While in DiFeo’s laboratory, McAnulty identified a potent cancer-specific compound, DL78, through a combination of research techniques. 

First, ovarian cancer cells are collected from human tumor samples and cultured in the lab. Next, the cells are treated with DL78. At this point, a few different experiments may be conducted. For instance, to understand how specific genes and proteins are affected by the drug, RNA or protein are collected from the cells and studied. If a specific protein is found to be constitutively activated or in far higher quantities in cancer cells, for example, that could be instrumental in developing a targeted therapy.   

An example of this is Myc, a key regulator of many cell processes like cell growth and metabolism. It is also a protein that is highly expressed in more than 70% of human cancers. One of McAnulty’s especially exciting findings is that Myc may be affected by DL78. Historically, Myc was thought to be “undruggable” because of its protein structure, but findings like McAnulty’s are shedding new light on its potential as a drug therapy target. 

Another question important to answer is how many cells are in each stage of the cell cycle. Every dividing cell in our body undergoes some form of this cell cycle, which has different stages (some for growth, some for rest). Cancer, by definition, is “unchecked cell growth” and cancers may be characterized by mutations in different checkpoints along the cell cycle, allowing for continuous, unregulated growth. Ultimately, the end goal for any cancer researcher is to stop this proliferation and kill the cancer cells.

To date, McAnulty has found that DL78 prevents cancer cells from dividing by stopping them at a specific checkpoint in the cycle. Much like the arm of a railroad crossing can stop someone from going across the tracks, DL78 halts cancer cells from crossing the checkpoint and continuing to grow.

These experiments reveal a great deal of important information, and although the DiFeo Lab utilizes patient-derived cells, isolated cancer cells in a plastic Petri dish aren’t the same as cancer cells growing in a full organism. Further research and studies are necessary.

Next steps

McAnulty, the DiFeo Lab, and researchers around the world continue to work on novel approaches to treating ovarian cancer cells. 

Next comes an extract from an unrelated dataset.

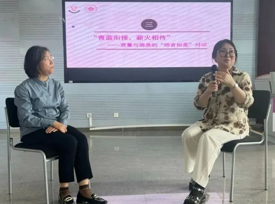 贾蔓老师与周燕老师开启“青蓝衔接,薪火相传——师者如是”对话。周燕老师分享了到学院工作以来的许多温暖瞬间,回顾了学院老教师对自己教学、科研“传帮带”的故事。贾蔓老师分享了自己从教37年以来的感悟,“对学院有爱、对学生有爱、对自己有爱。”感人至深的话语里,浸透了老师对学院的无限热爱,对学生的无限关怀。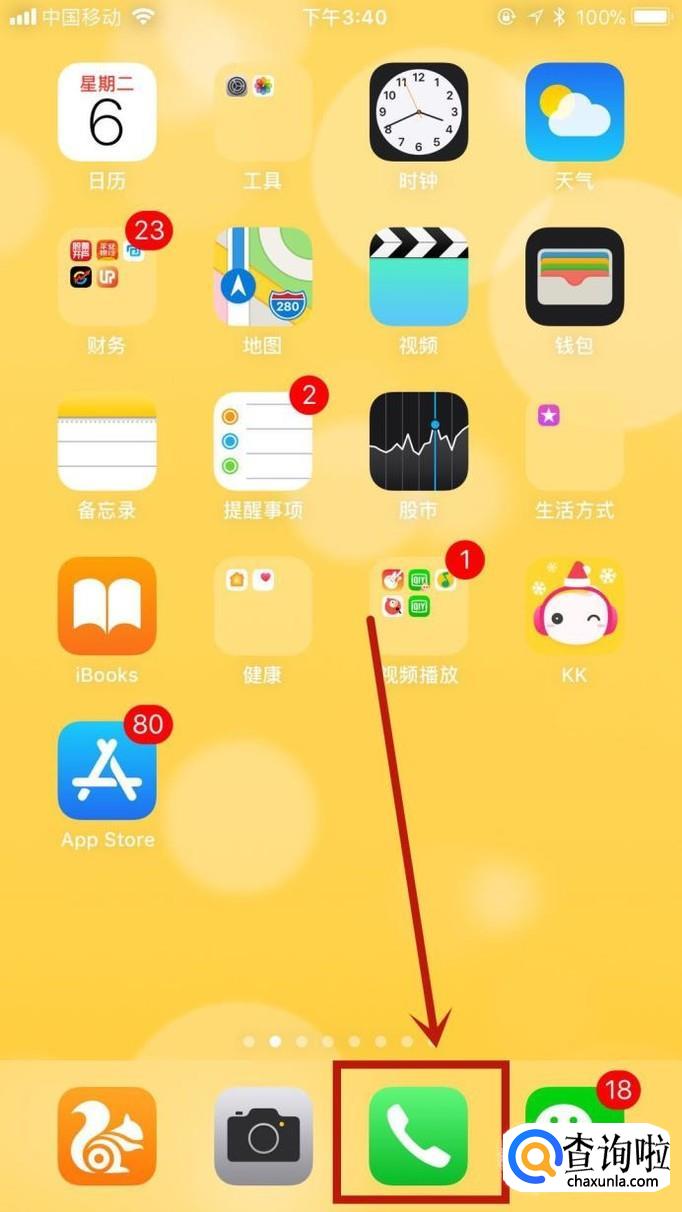 首先在我们的手机桌面上找到电话并点击它,如下图所示。

For McAnulty, she continues to narrow in on DL78’s mechanism of action.

She hopes that future work, combined with her existing findings, will provide a clearer picture of DL78’s target within ovarian cancer cells.

Although McAnulty is careful to note, “my research shouldn’t be summarized as the next treatment for ovarian cancer, but instead as a tool to understand the molecular vulnerabilities of ovarian cancer.” 

It is an important reminder that bringing a new drug to the clinic takes years of research in cells, animal models, then humans to prove efficacy and safety. 

Fortunately, researchers now have an unprecedented number of scientific tools at their disposal to pursue new potential targeted therapies for ovarian cancer patients. And Michigan Medicine researchers and graduate students like McAnulty are leading the way.